I recently attempted to visualise the labrinthine UCL departmental structure in the form of a Force-Directed Graph:
It has been remarked (not unfairly) that this is the sort of pattern that I might wear, were it printed on a shirt. If there are any screen printers, fabric designers or shirtmakers wanting to collaborate, I’ll happily sport UCL in abstract form on my torso and arms. Just say the word.
(Although there are no labels above, the colours roughly correspond to University/School/Faculty/Department/Subdepartment, although there are grey areas where a series of departments have a common umbrella, for example; when it gets to this fine a level, some of the colour decisions are slightly arbitrary).
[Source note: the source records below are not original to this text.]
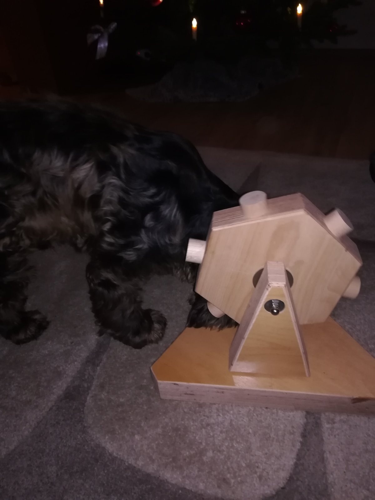 Aber dann hab ich gesehen, da kommen ja Entenleckerlis aus dem komischen Ding. Da hab ich aber aufgepasst was meine Menschen so machen das die Raus fliegen und ruckzuck hatte ich den Dreh raus. Wird wohl mein neues Lieblingsspielzeug.
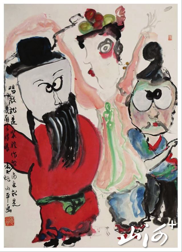 她早年随剧团常在乡间演戏。晋东南作为戏曲之乡,地方戏的韵律、程式、夸张的肢体语言与强烈的情感表达,深深浸入她的艺术血液,使她的绘画天然带有一种“古戏剧色彩”。画中人物的姿态,往往不像静态的造型,而更像舞台上的一个亮相、一个身段,充满了动态张力与叙事性暗示。人物与动物的造型与神态,被提炼、被夸张,如同戏曲脸谱与动作,直指性格与命运的核心,达到了“身心俱到,举手投足,能传神,扣心弦”的效果。这种戏剧感的融入,让她的民俗表达超越了简单的风情再现,升华为具有仪式感和象征性的个性化表达图式。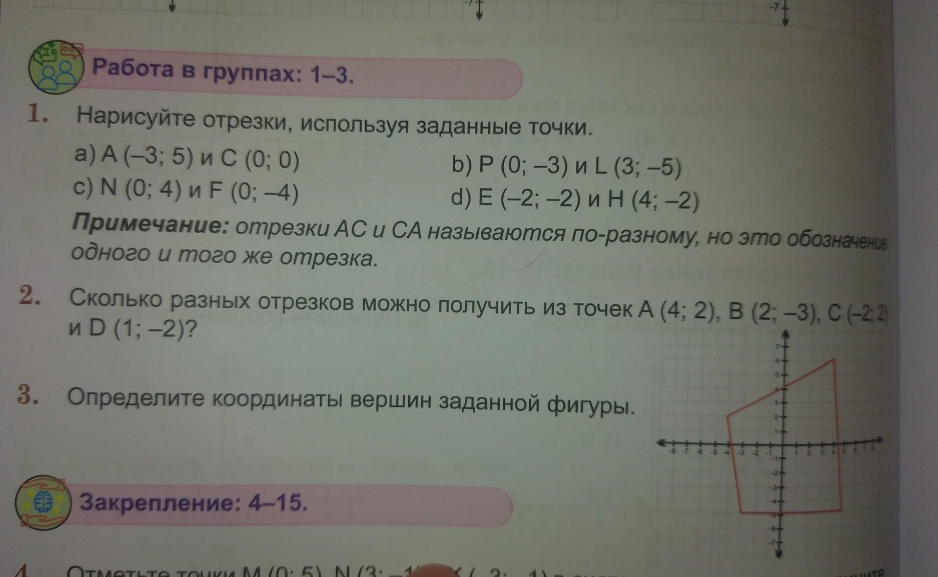 Ты начерти Кордиантную прямую там где -3 по горизонтали и 5 по вертикали и чертишь так чтобы они пересекались и так все остальные во 2 заданий там получится 4 разных отрезков и 3 это легка
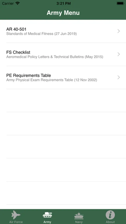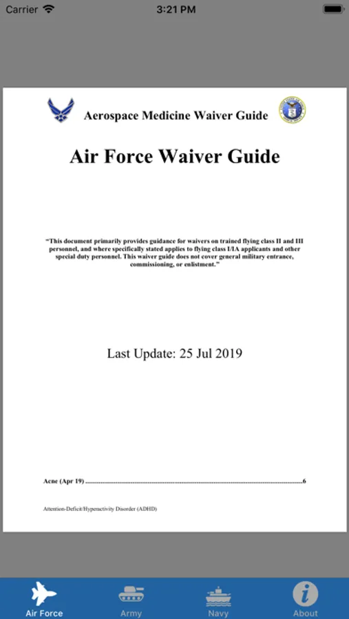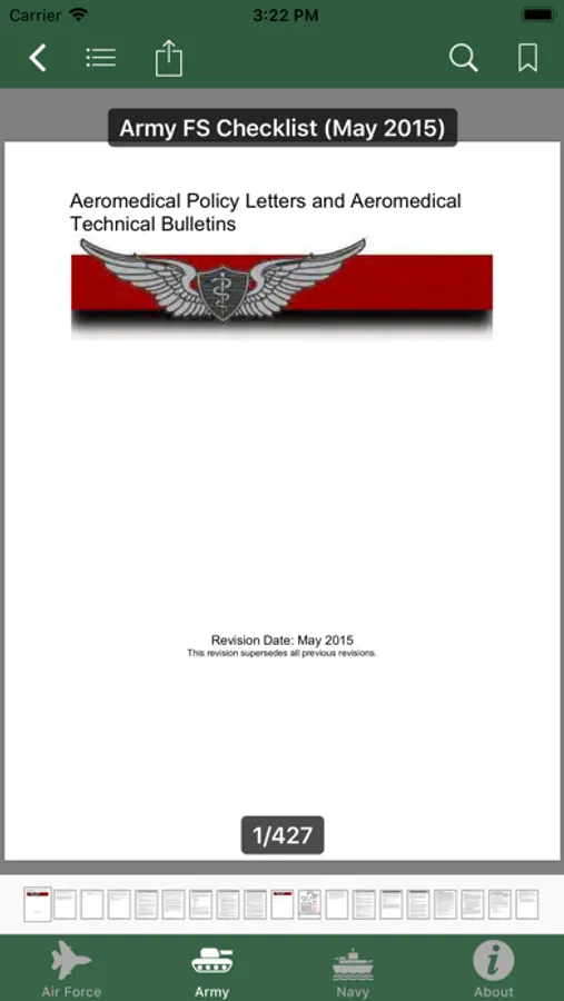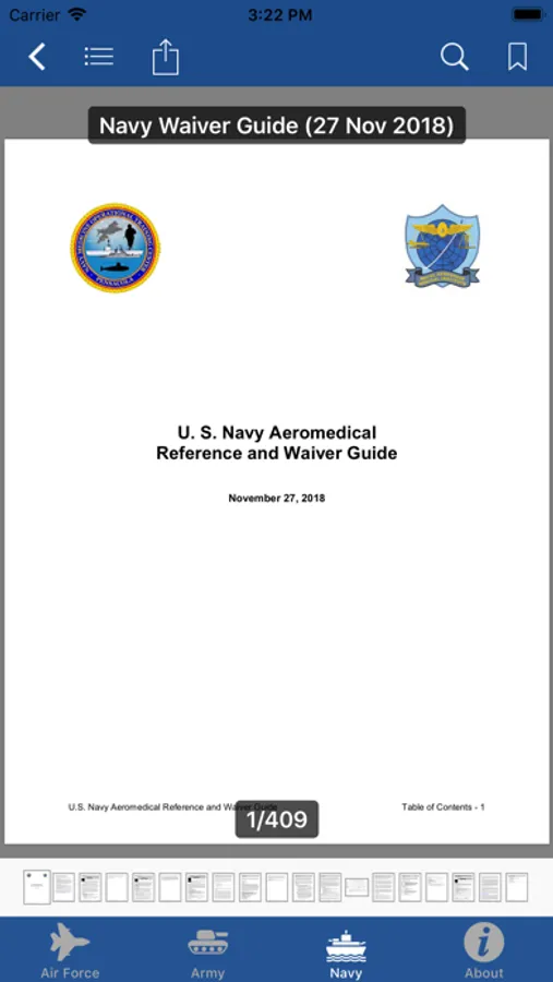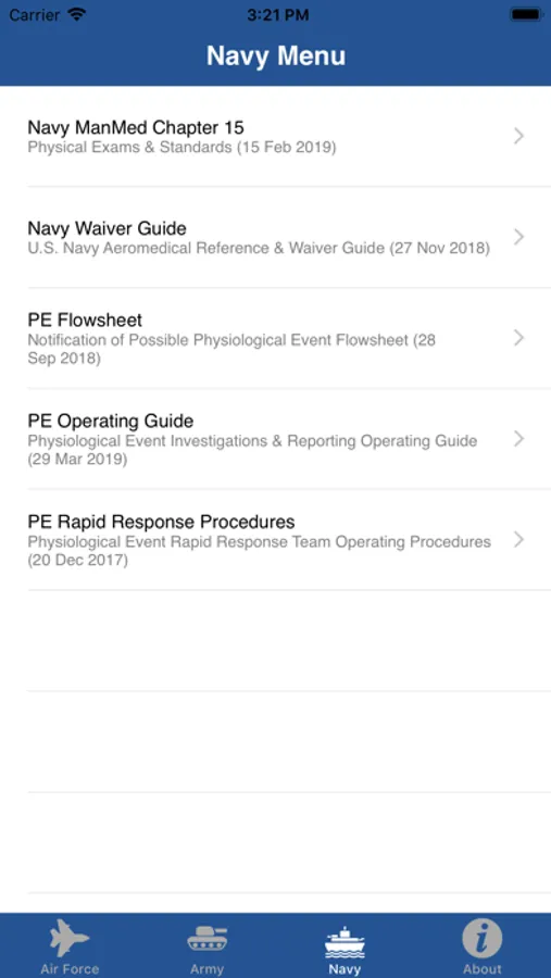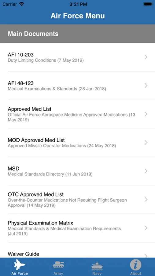 This application presents the medical standards for special duty personnel of the United States Air Force, Army, and Navy as well as other useful tools and information for Aerospace Medicine professionals.

On a slightly unrelated topic, while at the Edinburgh Festival, I picked up this rather nice greetings card:
It’s by Edinburgh designer Sharon Pringle; the pattern is called “Anster” and it’s part of her “Elie” collection. Now, I doubt she created her pattern using a Force-Directed Graph of a university organisational structure programmed in Processing – but it looks a lot like the network visualisations I see – and it looks neat. I am tempted to buy myself one of her mugs. (She also has the aforementioned greetings cards, and handsome cushions)
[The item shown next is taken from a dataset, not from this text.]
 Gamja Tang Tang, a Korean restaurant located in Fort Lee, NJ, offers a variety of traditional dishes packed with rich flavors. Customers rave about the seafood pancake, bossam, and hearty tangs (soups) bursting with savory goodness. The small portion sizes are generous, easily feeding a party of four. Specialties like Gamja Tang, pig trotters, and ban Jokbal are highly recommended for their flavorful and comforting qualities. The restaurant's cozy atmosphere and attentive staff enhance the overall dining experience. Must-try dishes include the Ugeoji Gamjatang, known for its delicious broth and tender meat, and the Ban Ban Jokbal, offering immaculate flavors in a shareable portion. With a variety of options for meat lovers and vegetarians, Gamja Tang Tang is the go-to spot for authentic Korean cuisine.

Hi there Martin. So glad you like your card and my mug design! The design is based on a small sketch I found in my husband’s notebook. He’s an architect and he was working out pathways between groups of buildings. I took his diagram, tweeked it a bit and repeated it and ended up with the finished design.
Hmmm… do you know what technique he used to create them? Or was it freehand? I’m based in an architecture school, and there are various techniques that people here use to understand space and how people interact with it…
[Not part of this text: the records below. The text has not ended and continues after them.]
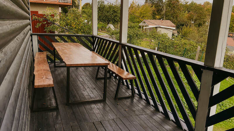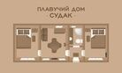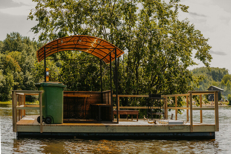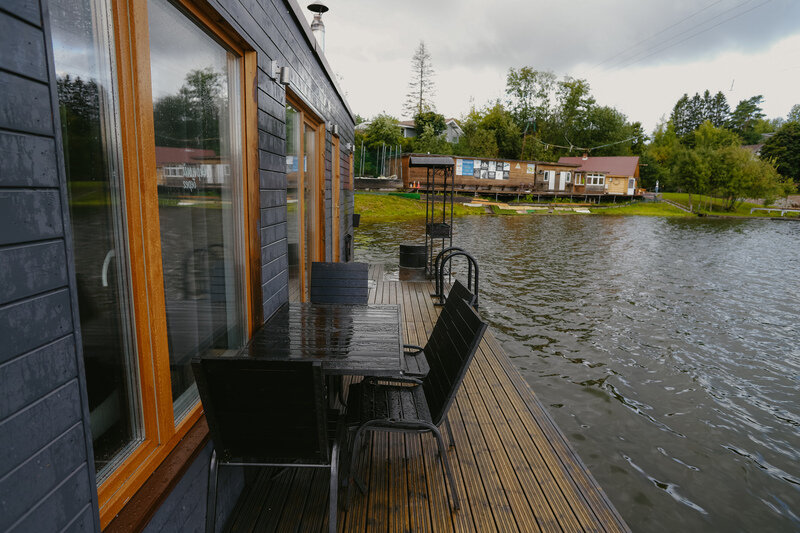 Уютный плавучий дом на 6 человек с баней, 2 спальнями, большими окнами и открытой террасой.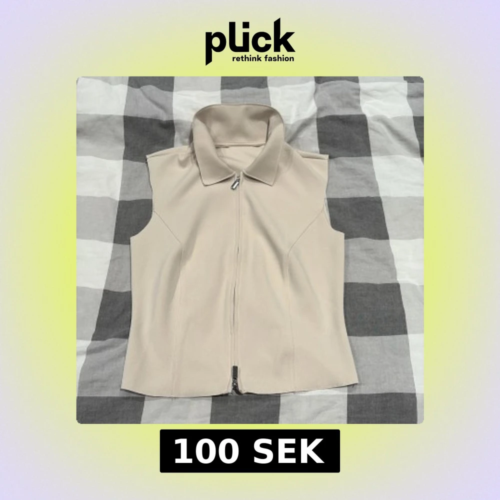Stilren beige väst med hög krage och hel dragkedja framtill. Västen har en figurnära passform och är tillverkad i ett slätt, mjukt material. Perfekt att styla över en skjorta eller t-shirt för en clean look.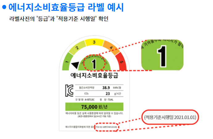 - 제품의 에너지효율 등급 라벨 ‘등급’과 ‘적용기준 시행일’을 실제 라벨에서 확인하세요. (판매 페이지 표기와 차이 있을 수 있음)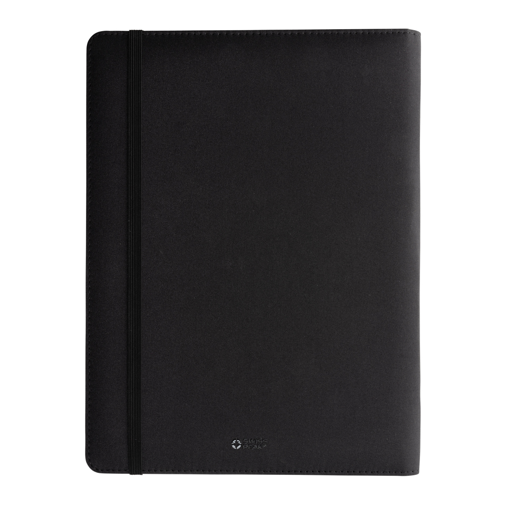 Crafted from 100% AWARE 300D recycled polyester and RCS certified recycled PU, this portfolio blends style and low impact. It features business card slots, pen loop, and a spacious A4 pocket. Stay organized with the refillable A4 lined notepad (20 pages 70 gsm) made from FSC® mix cream paper. Experience sophistication with a conscience. Made with 100% recycled polyester embedded with the AWARE™ tracer. Packed in an FSC® gift box.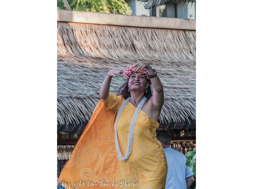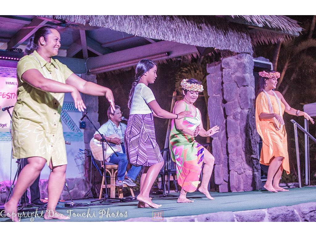 • Pono Li'i Murray and Kimo Kahoano doing hula to ''The Boy From Laupahoehoe'' while Maile Keawe Bryan and mom Leimomi Bacalso-Murray look on.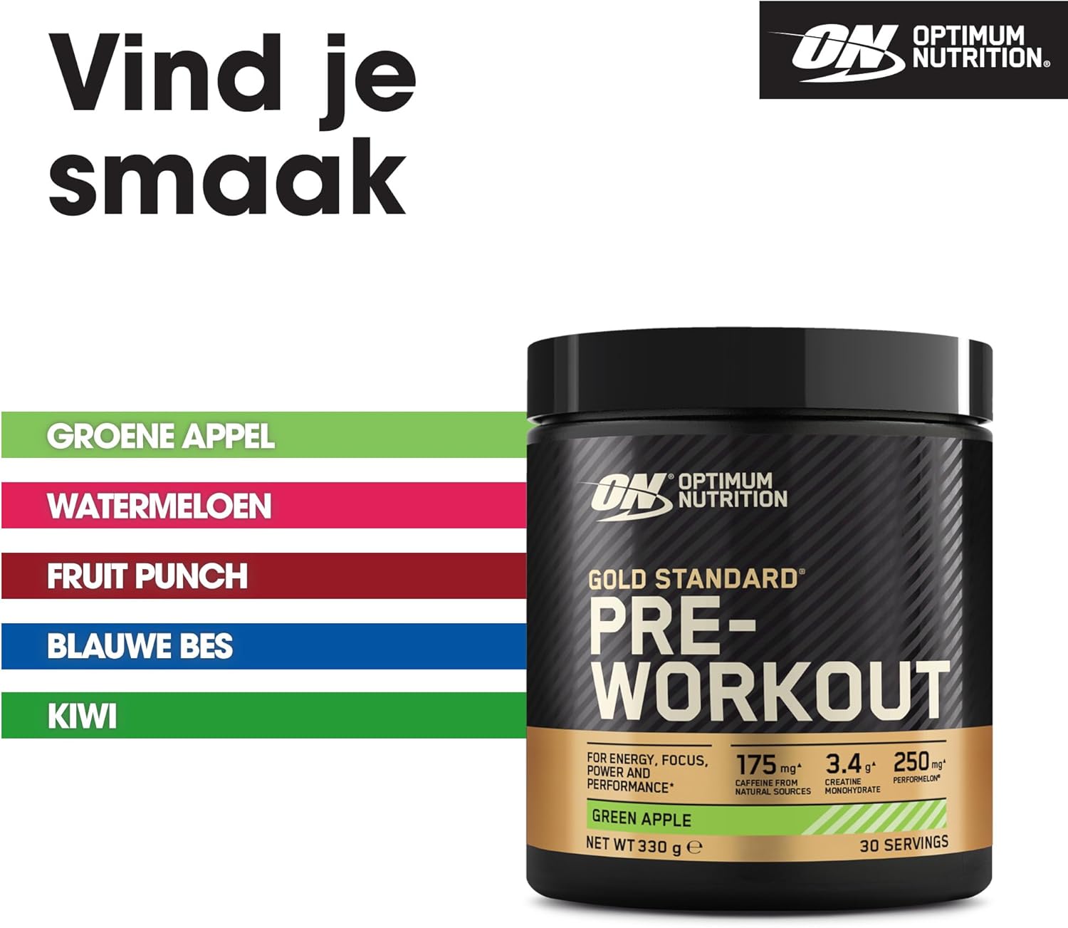 Ontdek Optimum Nutrition Gold Standard Pre Workout Powder. Deze kant-en-klare energiedrank is ontworpen om je focus, kracht en prestaties* voor en tijdens je training te verbeteren. ON Gold Standard voedingssupplement is Informed Choice gecertificeerd en bevat een zorgvuldig geselecteerde lijst van ingrediënten. Het zit vol met 175 mg cafeïne uit natuurlijke bronnen om de alertheid en focus voor de training te helpen verhogen*. Elke portie bevat 3,4 g creatinemonohydraat dat helpt je kracht en prestaties te ondersteunen. Deze heerlijk smakende sportdrank bevat ook vitamine B 1, B 3, B 5, B 6 en B 12, die allemaal bijdragen aan een normaal energieleverend metabolisme**. Bovendien bevat het ook Beta-Alanine (Carnosyn), Citrulline, L-Carnitine en N-Acetyl-Tyrosine. Een verscheidenheid aan smaken – Fruit Punch, Green Apple, Watermelon, Blue Raspberry en Kiwi – betekent dat je geen smaak hoeft op te offeren voor je energie, focus en prestatiewinst. Het pre-workout supplement is ontworpen voor iedereen: van degenen die net beginnen op hun weg naar een gezondere levensstijl tot atleten, hardwerkende studenten, professionals en fitnessliefhebbers. Optimum Nutrition Gold Standard Pre Workout Powder is een smakelijke opkikker die niet duur is en altijd en overal kan worden genoten; thuis, onderweg of in de sportschool. Om een lekkere shake te maken, voeg 1 schep toe aan 350 ml koud water, meng en serveer. *Bron: EFSA Journal 2011;9(4):2054 24 **Bron: VERORDENING (EU) Nr. 432/2012 VAN DE COMMISSIE

Is this a flat network, or have you enforced any kind of hierarchy? Perhaps integrating a hierachical approach would be an interesting way of working with nested departments, research groups etc?
Hi Dan – the hierarchy is implicit in the links; in fact, that’s how I’ve defined them. A link exists between an entity and its immediate parent entity, and that is all. It might be interesting to introduce some sort of collaborative linking to designate real research links rather than just organisational structure. It would be cool to introduce people and their affiliations, research students, etc but that would get rather complex.
What was the data source for this, or did you do it by hand? Also, what was the ‘force’ on the links or was that just for layout purposes?
Might be interesting to take a data-mining approach and slurp each group’s homepage, extract the keywords, and then see which departments are linked by common terms even though they are from different faculty groupings…
Hi Jon. It’s taken from the UCL website, done by hand. I used an older version of this:
http://www.ucl.ac.uk/ras/acs/governance/organisation/units
So I could probably update it and be a bit cleverer about it (explicitly assign each entity a hierarchical level rather than define that by link depth, as I have done).
It’s a force graph layout; the links are of equal strength if I recall.
I like your idea. Let’s do it! Then put it on a fabric print.